Q: I recently bought an old home that has a “split” bathroom – the toilet is in one small closet-size room, the lavatory and tub in a slightly larger adjacent room.
Because both rooms are very cramped, I’m interested in taking the wall between the two rooms down and having a nice, good-size bathroom.
I spoke to a real estate agent about this, and she told me that if I took the wall down, I’d be lucky to get half of my costs back in a future sale. Do you agree with her opinion?
I have an estimate from a contractor of $4,000 for taking down the wall, Sheetrocking over one door, retiling the floor and other finishing work.

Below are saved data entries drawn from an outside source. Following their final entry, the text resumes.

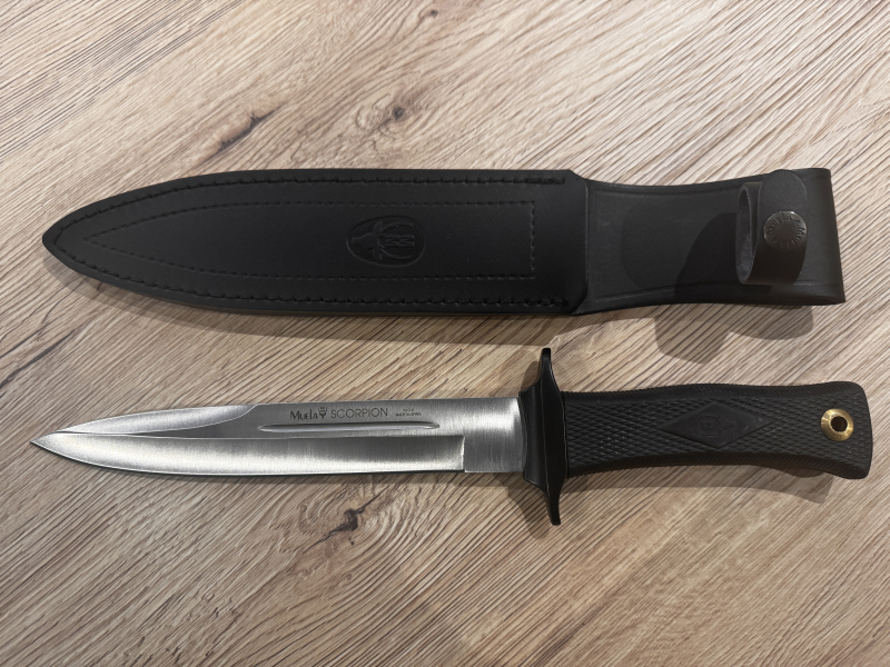 Verkaufe Muela Scorpion 19W Messer. 19 cm Klinge aus rostfreiem Stahl, satiniert und mit Beschichtung. Schwarzer Kunststoffgriff. Mit dazugehöriger Messerscheide.
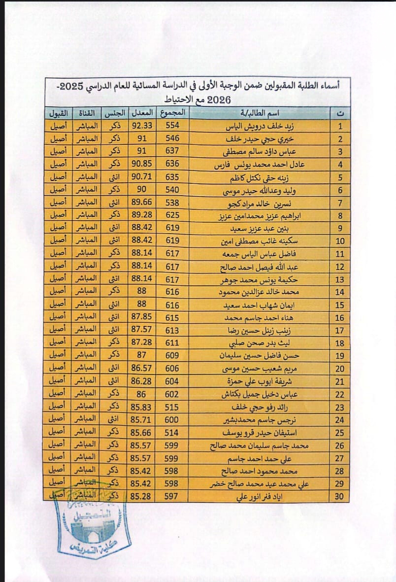 تُعلن كلية التمريض / جامعة تلعفر عن أسماء الطلبة المقبولين في الوجبة الأولى للدراسة المسائية للعام الدراسي (2025–2026)، وعلى الطلبة المدرجة أسماؤهم مراجعة شعبة التسجيل في الكلية ابتداءً من يوم الأحد الموافق 9 / 11 / 2025، لغرض استكمال إجراءات التسجيل وتقديم المستمسكات المطلوبة. المستمسكات المطلوبة للتسجيل: البطاقة الوطنية الموحدة
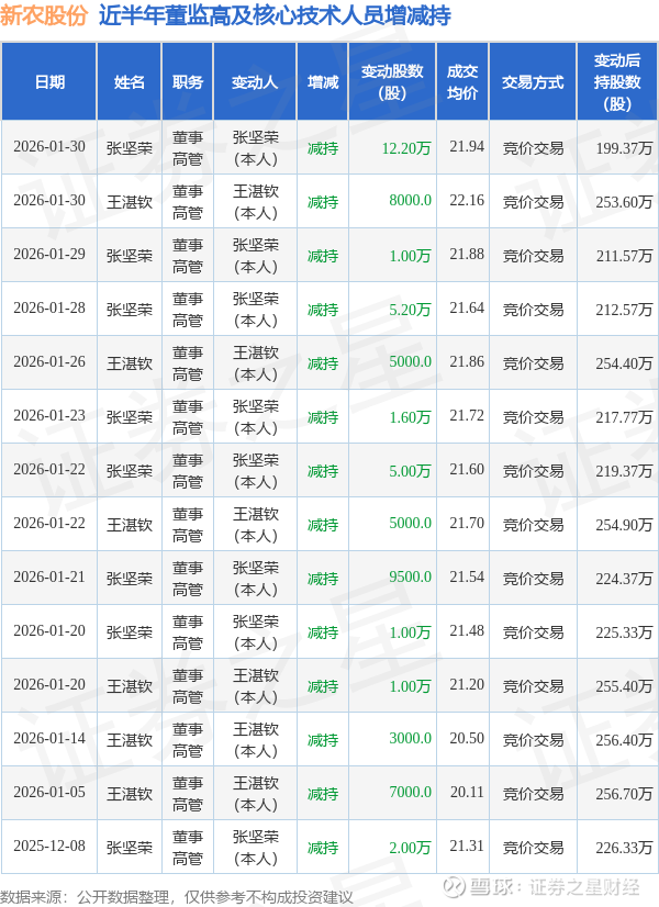 新农股份近半年内的董监高及核心技术人员增减持详情如下:
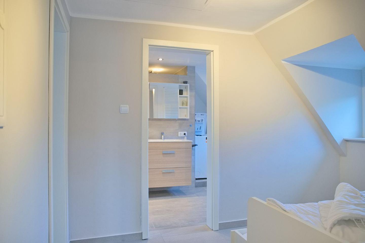 Das moderne Badezimmer sorgt mit seiner großen Walk-In-Dusche für einen frischen Start in den Tag oder wohltuende Erholung am Abend. Waschmaschine und Trockner stehen dir selbstverständlich zur Eigennutzung zur Verfügung – besonders angenehm bei längeren Aufenthalten.
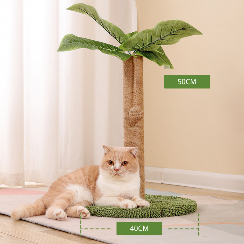 Holz Katzenkratzbaum, Stehende Katzenkratzsäule im Kokosbaum-Design, aus Sicheren Materialien, Braun und Grün
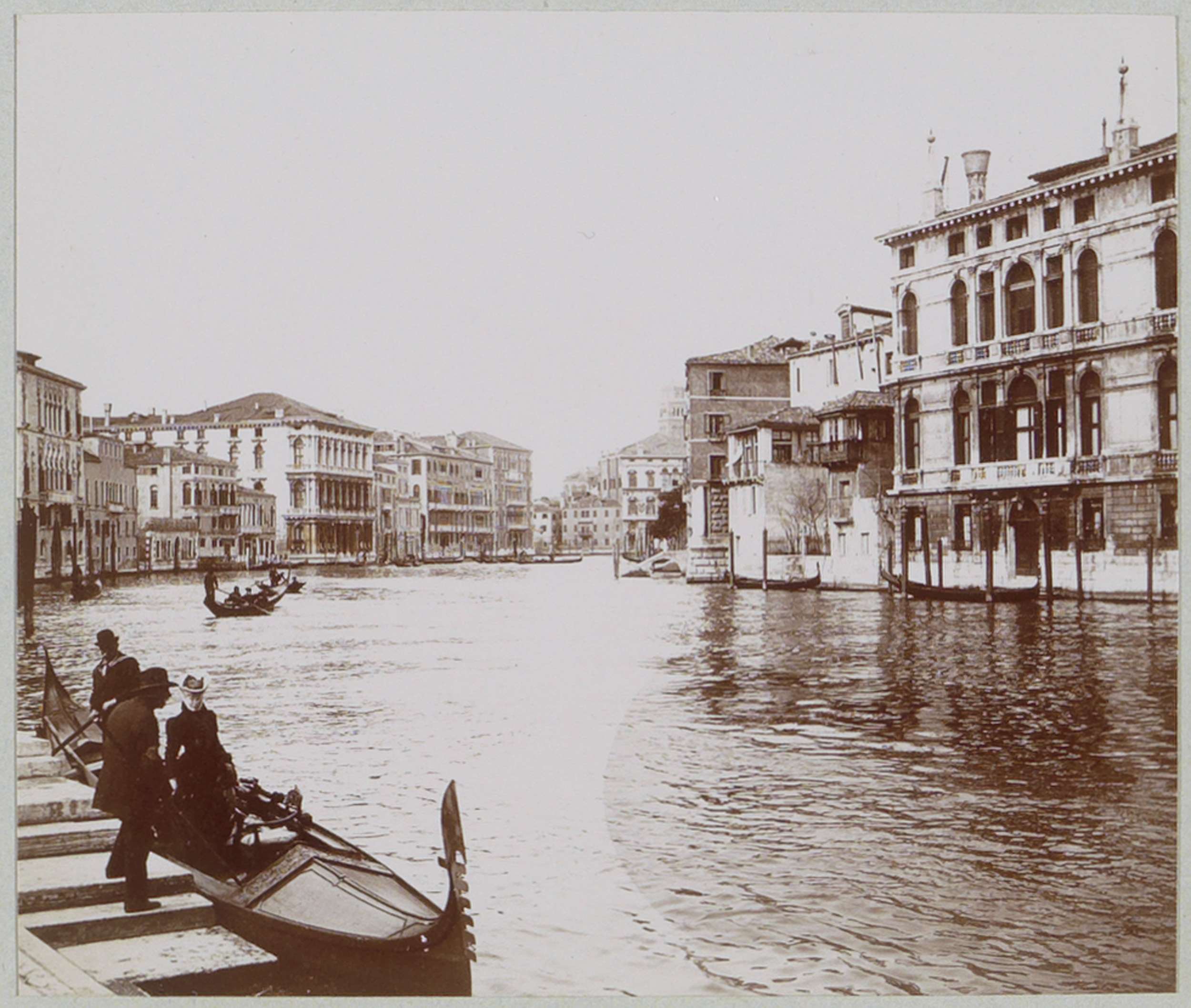 Vrouw en voorbijgangers bij palazzo's in Venetië
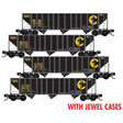Micro-Trains 100-Ton 3-Bay Ribside Open Hopper w/Coal Load 4-Pack - Ready to Run - Jewel Ca -- Chessie System WM #188820, B&O #187348, C&O #160103, 158941 (black, yellow) - 489-98300217
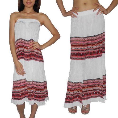 Womens Thai Boho Flowing Gathered / Smocked Bodice Crinkle Summer Dress / Skirt - White & Red - Size: one size Review
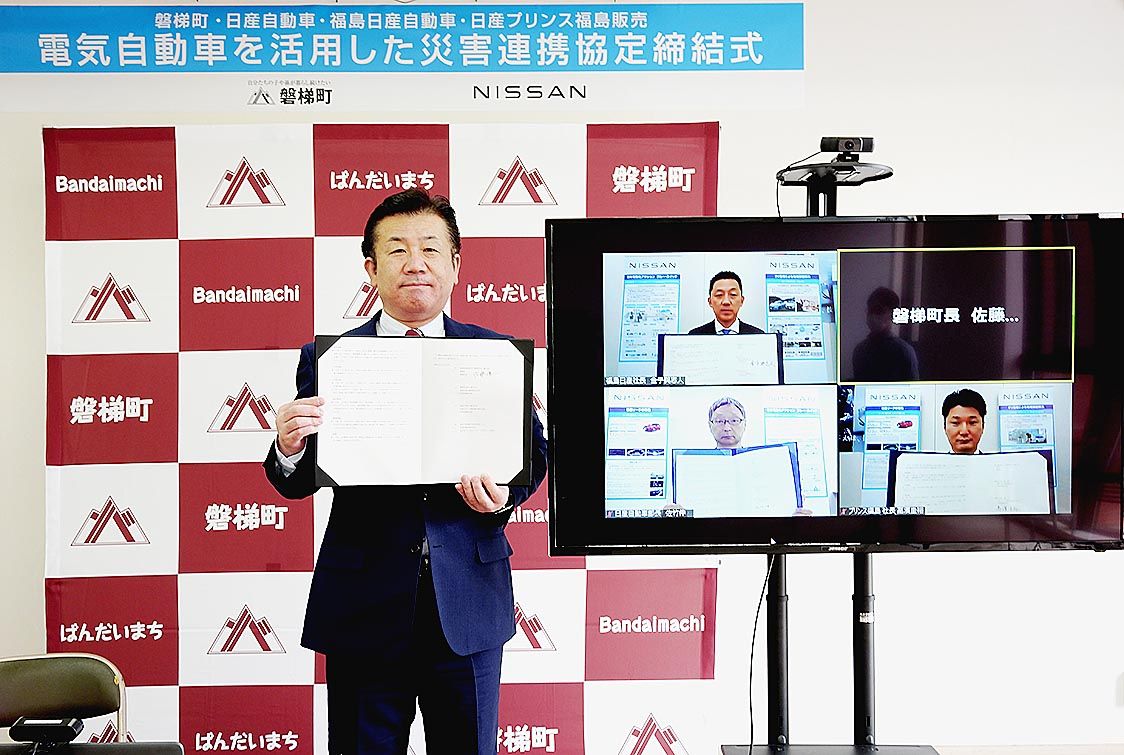 【福島】福島県磐梯町(佐藤淳一町長)と日産自動車、福島日産(金子與志人社長)、日産プリンス福島(高濱圭裕社長)の4者は、電気自動車(EV)を活用した「災害連携協定」を締結した=写真。災害などで停電が発生した際に、日産のEV「リーフ」を電力...
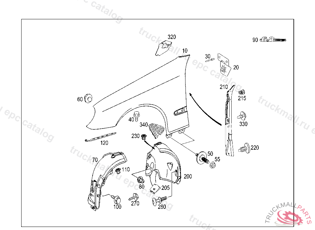 FRONT FENDER RIGHT, A 74667620050113 A 73475220041231 L 00000020041231 X 18076220050118, Replaced By: A2118801418, +001A2116202014, +002A0039903597

A: We wholeheartedly disagree with your agent’s assessment. Space in old homes is at a premium. Anything you can do to increase the sense of spaciousness in your bathroom can only add value.
We believe you will easily recoup the $4,000 you spend and then some, especially if you’re not looking to sell the home in the near future.
As we’ve mentioned in past columns, Kevin was a real estate broker as well as a construction man when he lived in California. Over the course of his real estate career he discovered some surefire ways to add value to a home.
The first truism, of course, is the familiar “location, location, location.” But a close second, we think, is “clean and nice commands the best price.”
Kitchens and bathrooms, in that order, are the two most important rooms to improve to add value for resale.
We’ve seen the type of bathroom/water closet setup you describe. Three words usually describe them – small, cramped and dark.
By all means tear down that wall. A $4,000 contractor’s bill seems reasonable, too. It sounds as if you’ll get more space, a new tile floor and some miscellaneous trim work for the money.
Once the dust clears, do not overlook the decorating. We’d suggest upgrading to new faucets and light fixtures.
Pay attention to the painting and decorating and other incidentals, like towel bars. Tastefully chosen decorating will ensure that your “new” bath fetches the maximum increase in value.
We have been faced with similar bathroom upgrades in every home we’ve owned. Although neither of us ever had to deal with the toilet in a separate room, we have had to rearrange small, outdated bathrooms to make them more attractive and user-friendly.
Our solutions ranged from Bill sealing off a doorway and eliminating a tub in favor of a roomy shower in a small Craftsman-style home to Kevin sacrificing a tiny bedroom to create a luxurious bath in an 1879 Victorian.
We’ve even gone the other way. In a 1950s rancher Bill owned in Hayward, Calif., the master bath had three sinks. We eliminated one and added a wall and door to separate the shower and commode from the vanities.
In every instance, the money spent on the upgrade was returned many times over. So our advice is to get the sledgehammer out, knock down that wall and let the renovation begin.